Local administration routes
Due to rapid degradation by nucleases and fast excretion upon systemic injection, local administration of siRNA offers more clinical relevance. By local administration, both the dose and systemic side effects can be decreased. We are mostly interested in pulmonary administration for local effects and nasal administration for subsequent delivery to the brain via the olfactory bulb. We also investigate in situ forming hydrogels as local depot formulations.

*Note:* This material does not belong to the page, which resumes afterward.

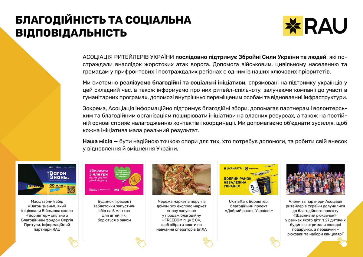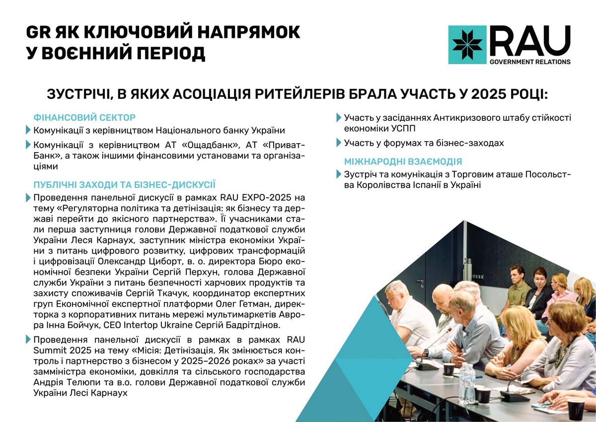 Асоціація ритейлерів України послідовно відстоювала інтереси галузі у взаємодії з органами державної влади. Спільна робота була зосереджена на спрощенні регуляторних процедур, запровадженні механізмів е-бронювання для захисту критично важливих працівників, удосконаленні законодавчого поля та ініціатив, спрямованих на забезпечення продовольчої безпеки, розвиток інфраструктури й створення сприятливих умов для розвитку ритейлу в Україні. Підтримка Збройних Сил України та співпраця з громадами залишаються незмінними пріоритетами. За понад три роки війни українські ритейлери передали допомоги на суму понад 18,1 млрд грн.
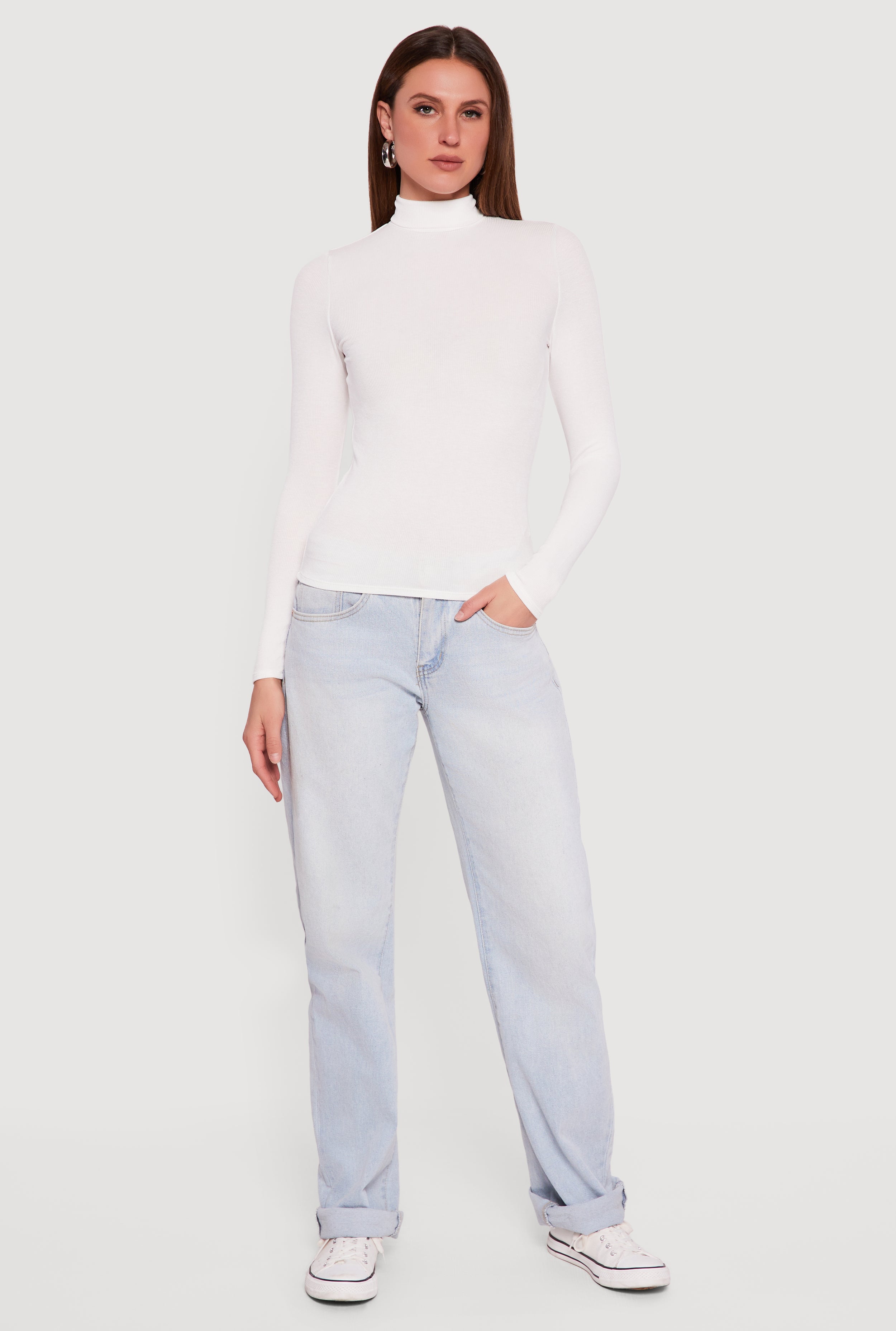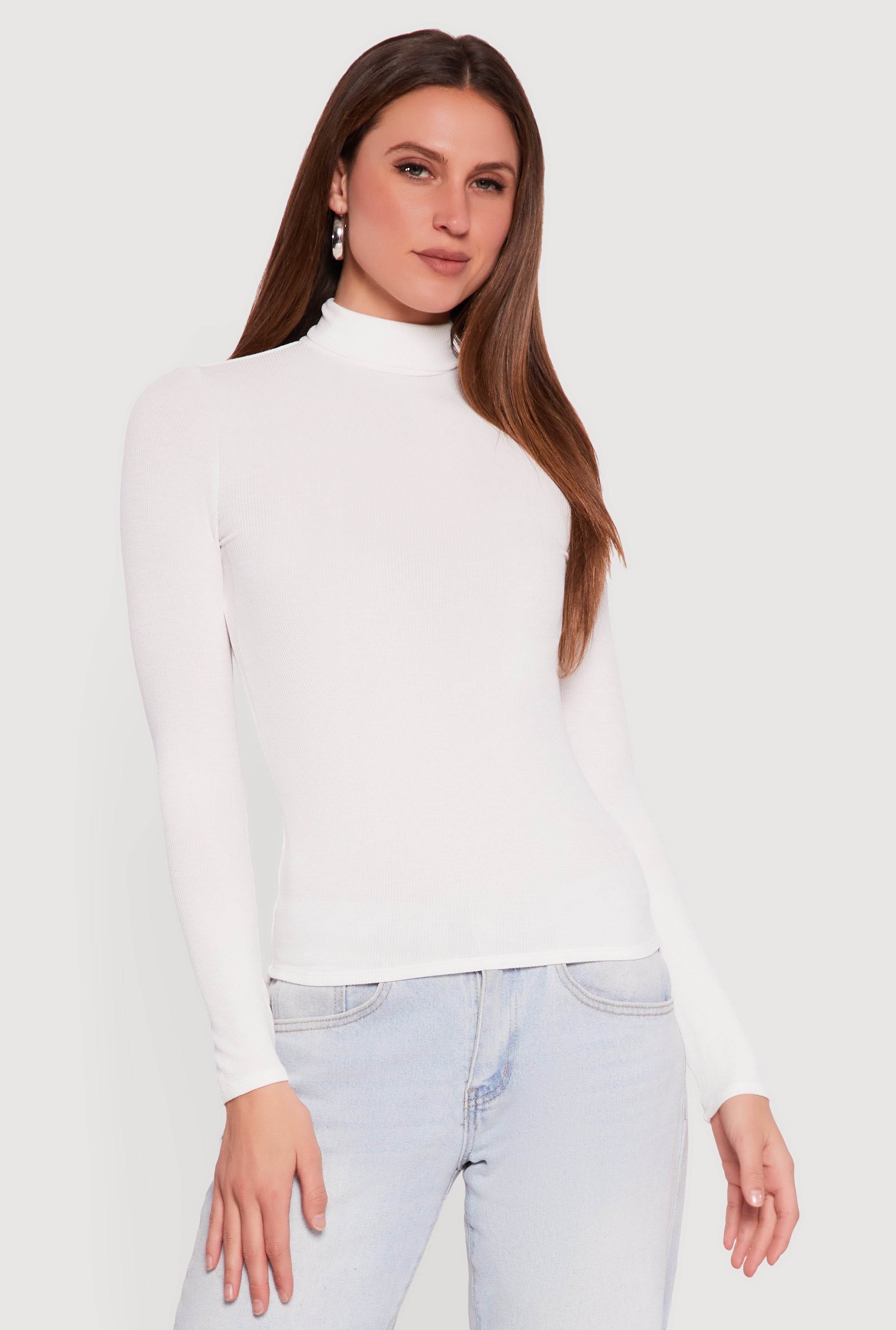 Ribbed Knit Turtleneck Long Sleeve Top

Novel safe and target-specific nanomedicines
To reach specific cell populations within the lung or to deliver nucleic acids into the brain, we attach targeting ligands to the surface of the delivery systems. These targeting moieties have a strong affinity with the target cells and tissues. Due to this high affinity, these delivery systems are also investigated for their ability to detect distant targets, such mobile immune cells, circulating tumor cells or metastases.


Therapeutic approaches
Our goal is to develop novel nucleic acid-based nanomedicines for therapy of a range of diseases. We mainly focus on the treatment of asthma and lung cancer with a specific focus on EGFR and Kras mutations in lung cancer and their repair for chemosensitization. Since early 2020, we are investigating pulmonary siRNA delivery against SARS-CoV-2. Additionally, we are also interested in chemosensitization in ovarian cancer and breast cancer and investigate epigenetic mutations.